Segment Start: The records
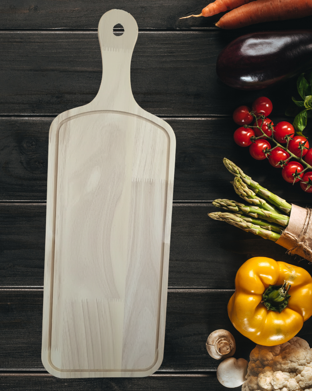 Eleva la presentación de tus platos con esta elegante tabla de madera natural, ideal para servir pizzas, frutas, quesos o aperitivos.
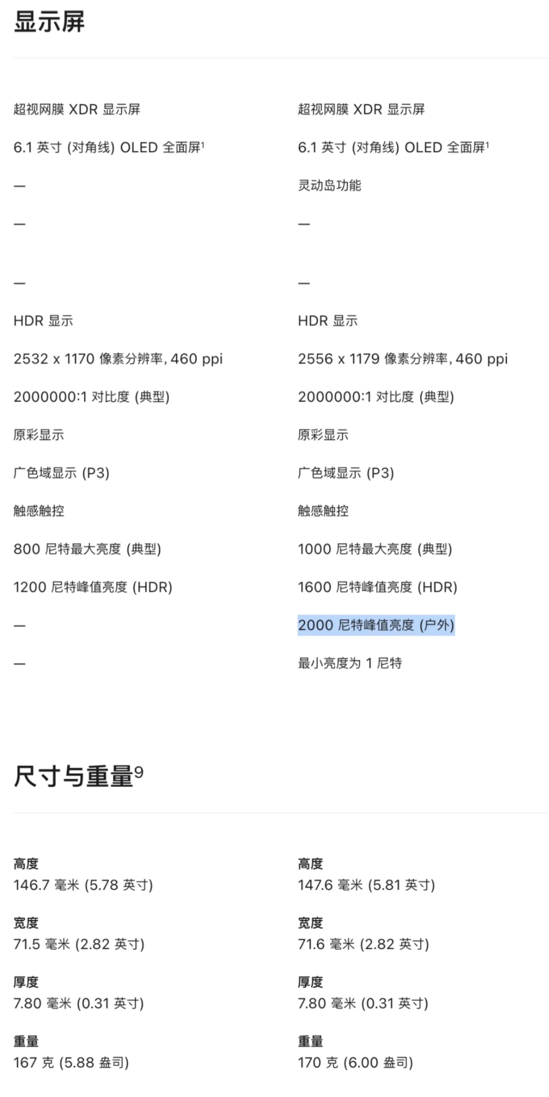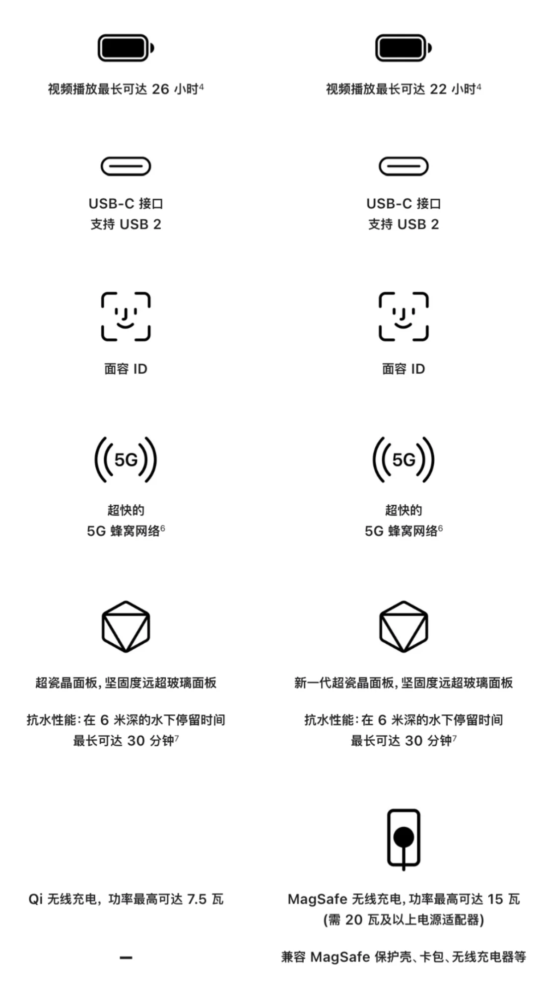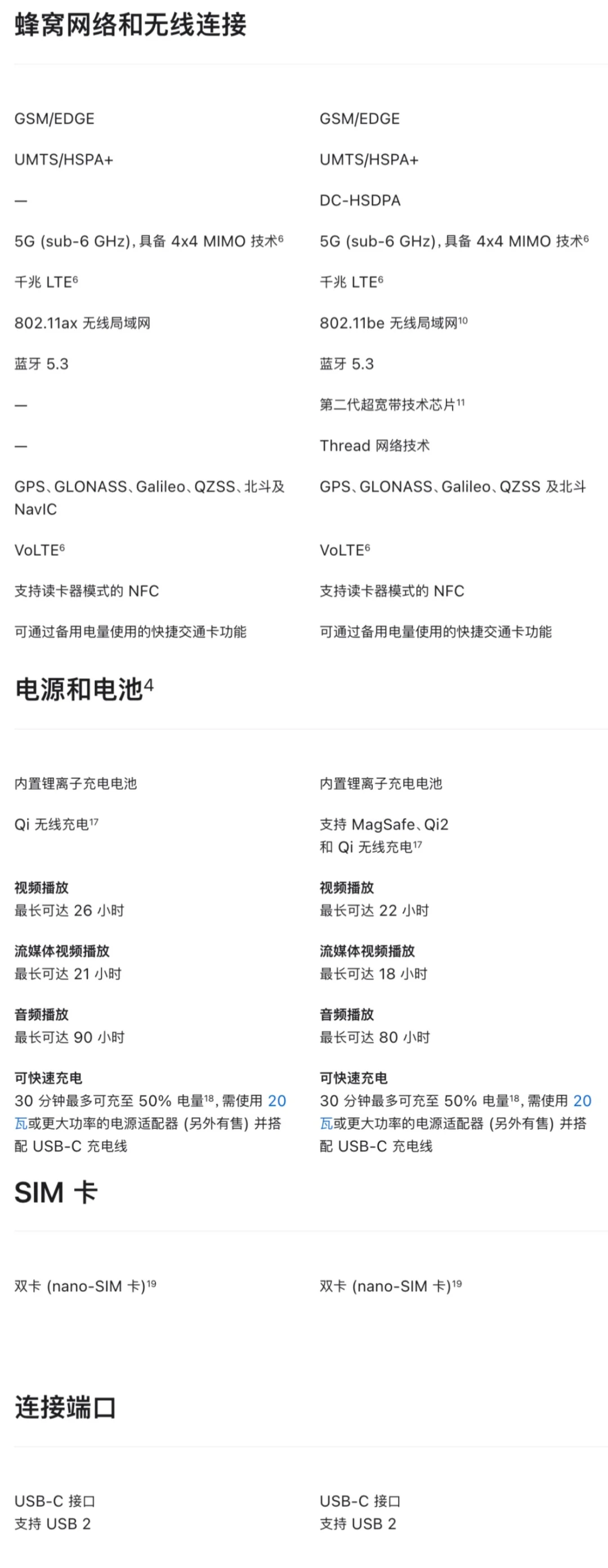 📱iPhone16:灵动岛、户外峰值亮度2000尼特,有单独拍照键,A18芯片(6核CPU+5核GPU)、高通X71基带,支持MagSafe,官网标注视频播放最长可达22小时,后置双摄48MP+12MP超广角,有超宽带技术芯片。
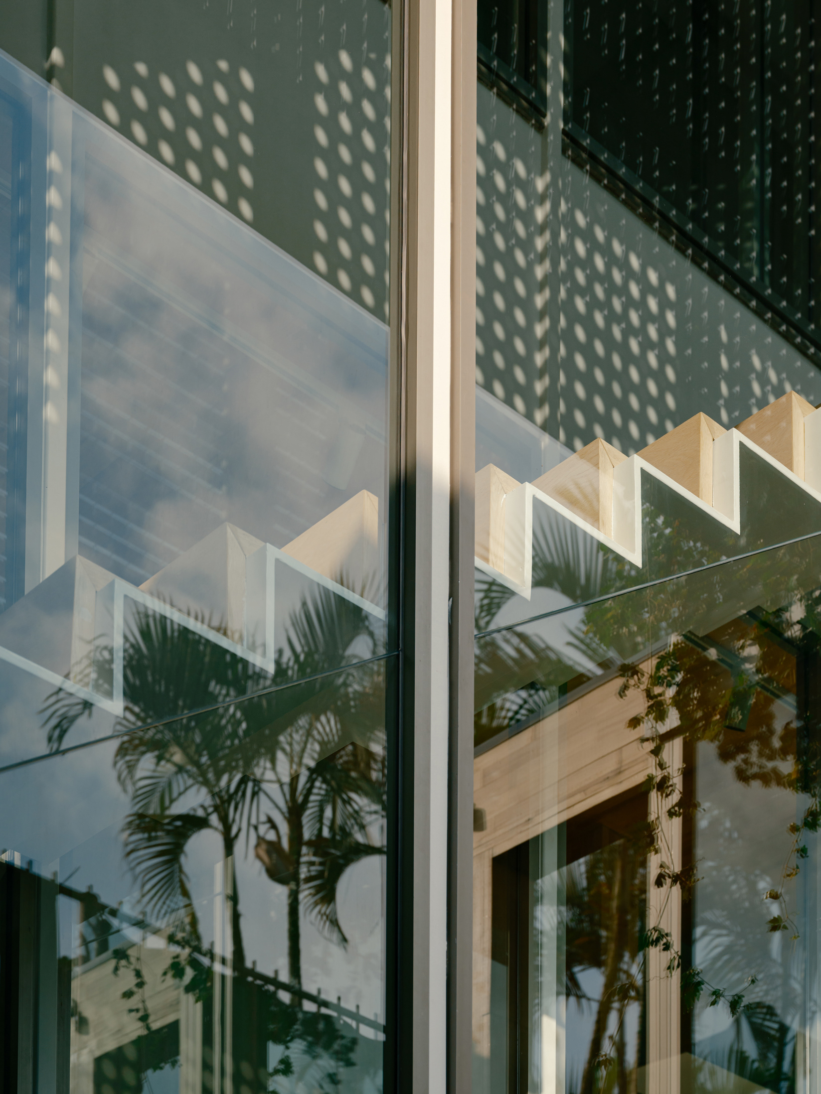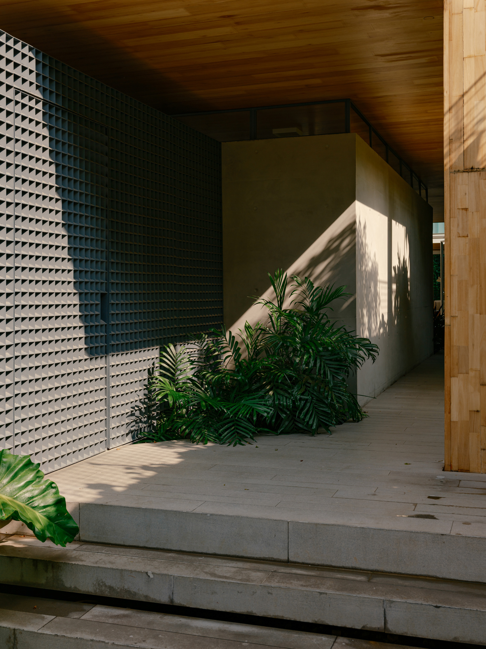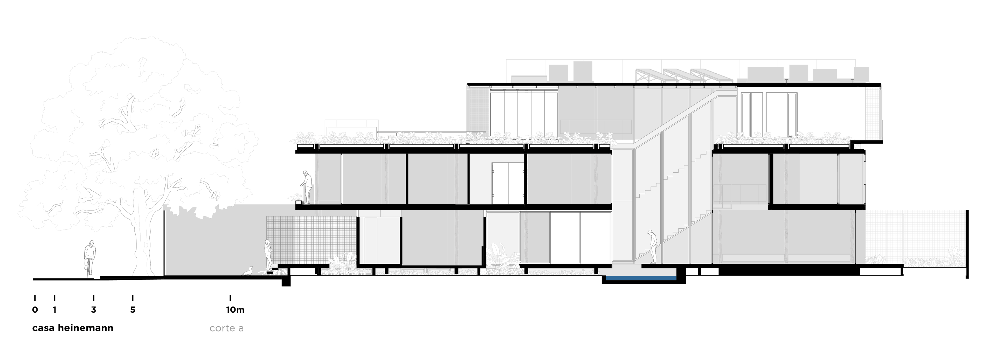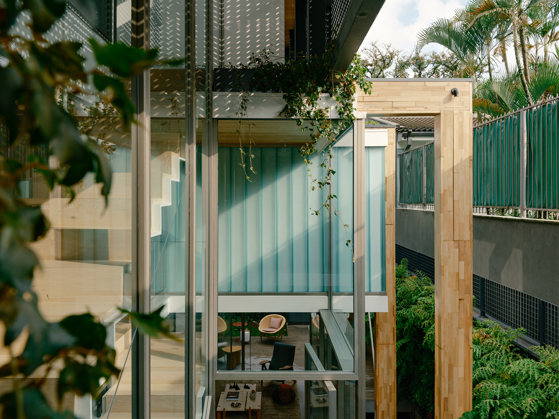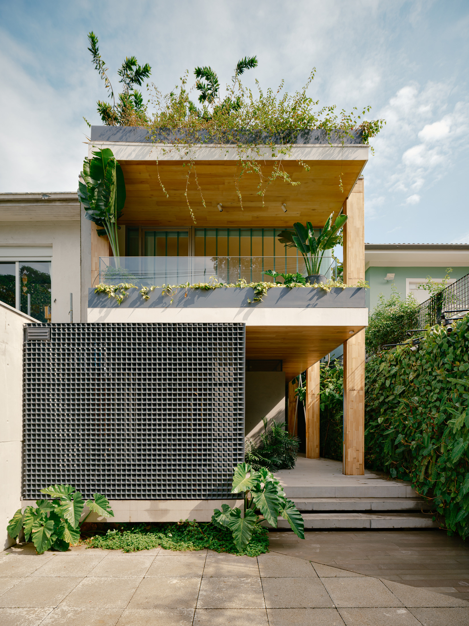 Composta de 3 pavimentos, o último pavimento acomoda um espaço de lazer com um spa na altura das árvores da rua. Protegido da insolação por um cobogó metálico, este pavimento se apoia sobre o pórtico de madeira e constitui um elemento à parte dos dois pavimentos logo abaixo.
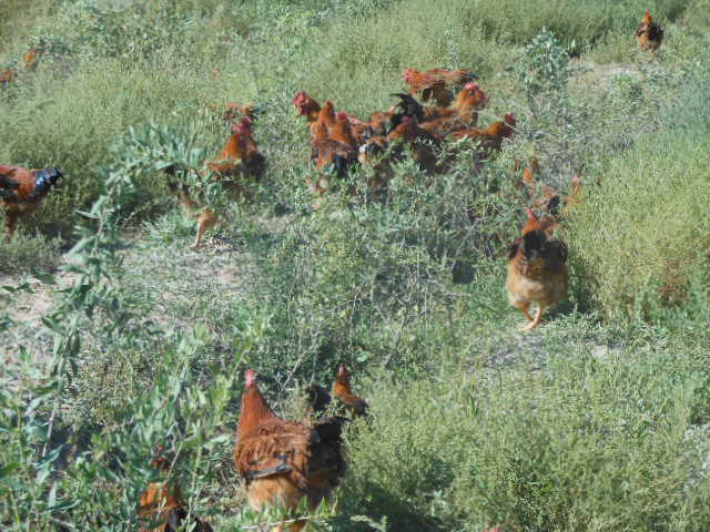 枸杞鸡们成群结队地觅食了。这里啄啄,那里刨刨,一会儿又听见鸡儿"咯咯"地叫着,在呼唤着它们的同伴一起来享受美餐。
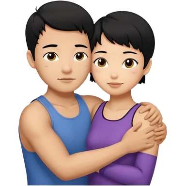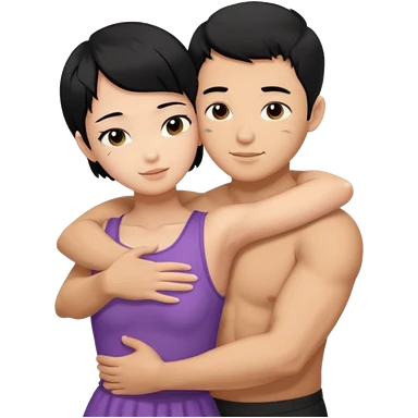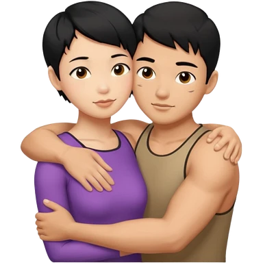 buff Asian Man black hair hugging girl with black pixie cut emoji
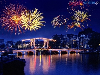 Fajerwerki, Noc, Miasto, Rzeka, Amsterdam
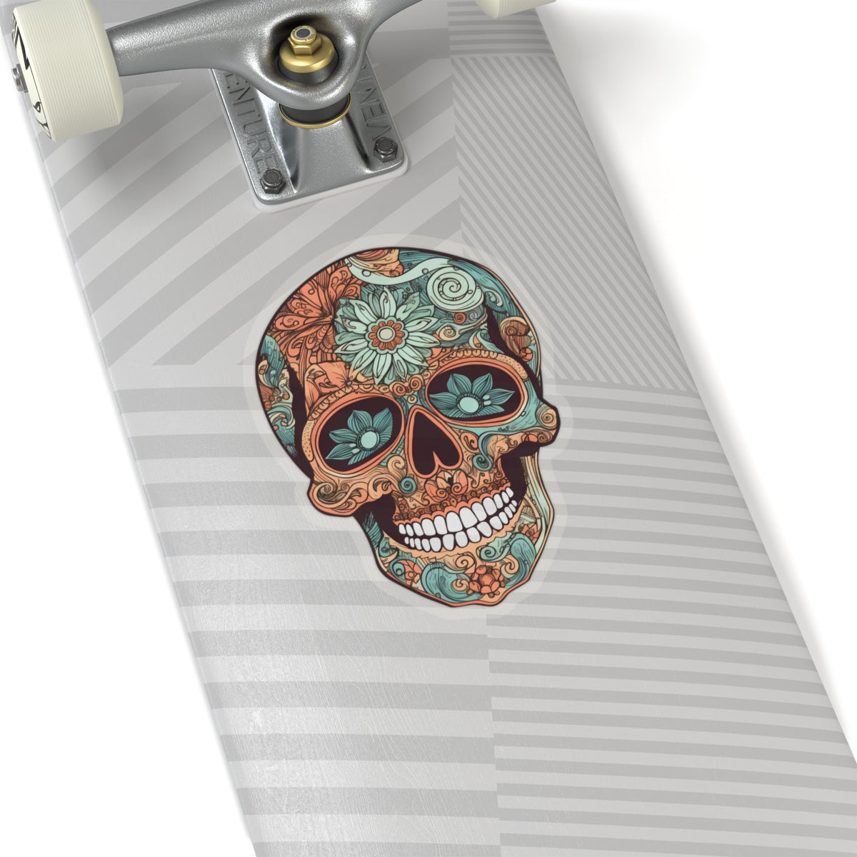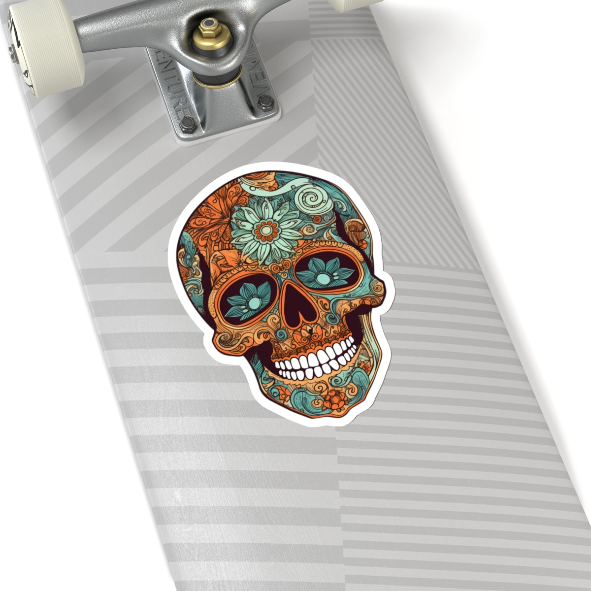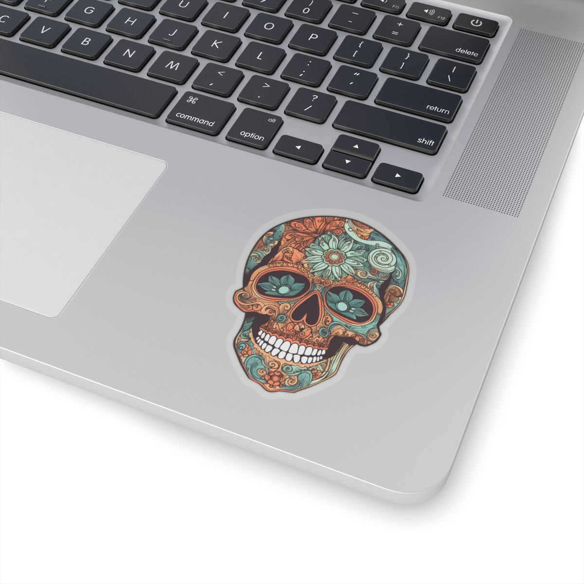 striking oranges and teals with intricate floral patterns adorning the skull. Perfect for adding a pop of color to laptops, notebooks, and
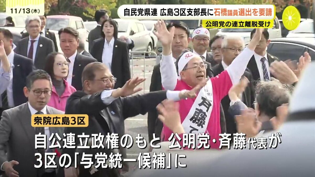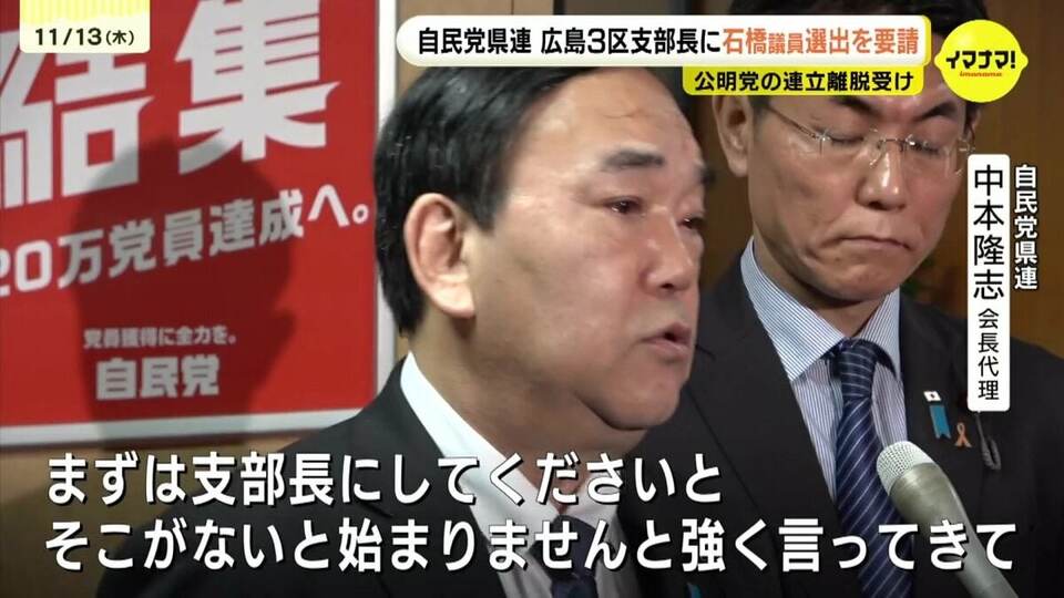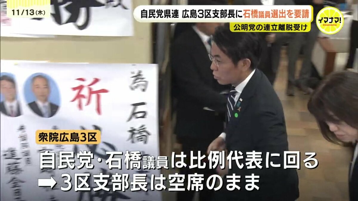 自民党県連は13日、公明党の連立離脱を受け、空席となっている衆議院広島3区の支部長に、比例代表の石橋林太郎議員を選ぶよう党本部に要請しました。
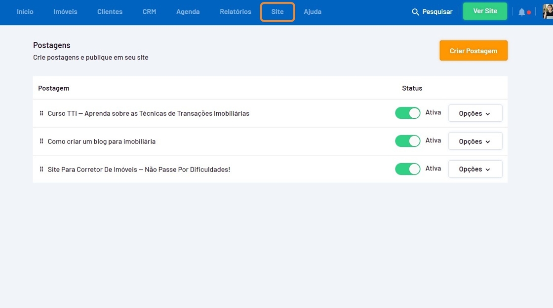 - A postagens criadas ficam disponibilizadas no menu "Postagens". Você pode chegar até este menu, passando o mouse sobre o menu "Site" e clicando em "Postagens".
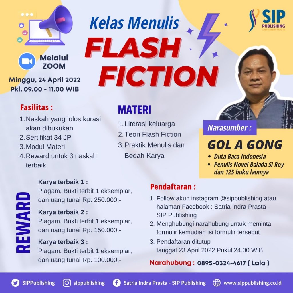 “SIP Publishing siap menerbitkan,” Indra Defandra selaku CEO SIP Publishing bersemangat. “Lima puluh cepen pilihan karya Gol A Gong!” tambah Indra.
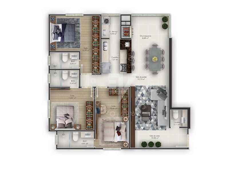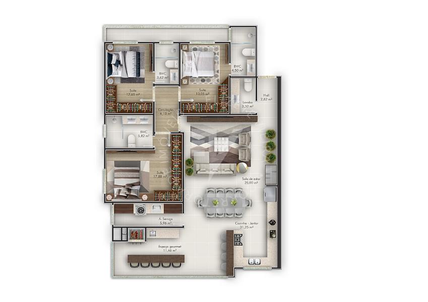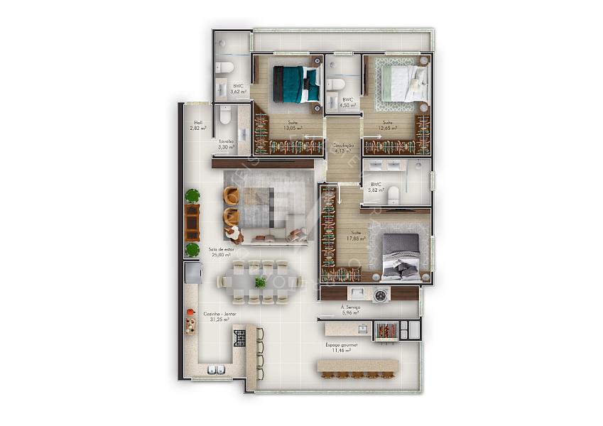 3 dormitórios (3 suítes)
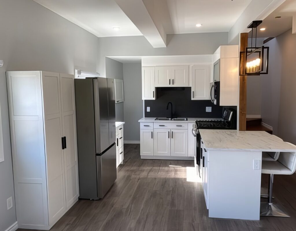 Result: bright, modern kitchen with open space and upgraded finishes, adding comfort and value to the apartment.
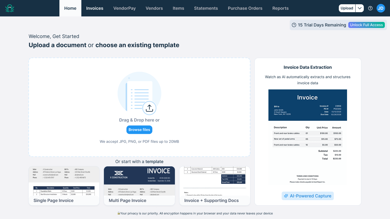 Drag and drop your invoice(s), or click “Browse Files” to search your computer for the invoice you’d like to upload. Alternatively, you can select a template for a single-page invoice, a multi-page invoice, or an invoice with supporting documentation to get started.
Segment End: The records
[Activity] Print exactly, and only, the lines from the one with "buff Asian Man" through the last line of the listing above. No pictures belong in the copy.

[Response box]
 buff Asian Man black hair hugging girl with black pixie cut emoji
 Fajerwerki, Noc, Miasto, Rzeka, Amsterdam
 striking oranges and teals with intricate floral patterns adorning the skull. Perfect for adding a pop of color to laptops, notebooks, and
 自民党県連は13日、公明党の連立離脱を受け、空席となっている衆議院広島3区の支部長に、比例代表の石橋林太郎議員を選ぶよう党本部に要請しました。
 - A postagens criadas ficam disponibilizadas no menu "Postagens". Você pode chegar até este menu, passando o mouse sobre o menu "Site" e clicando em "Postagens".
 “SIP Publishing siap menerbitkan,” Indra Defandra selaku CEO SIP Publishing bersemangat. “Lima puluh cepen pilihan karya Gol A Gong!” tambah Indra.
 3 dormitórios (3 suítes)
 Result: bright, modern kitchen with open space and upgraded finishes, adding comfort and value to the apartment.
 Drag and drop your invoice(s), or click “Browse Files” to search your computer for the invoice you’d like to upload. Alternatively, you can select a template for a single-page invoice, a multi-page invoice, or an invoice with supporting documentation to get started.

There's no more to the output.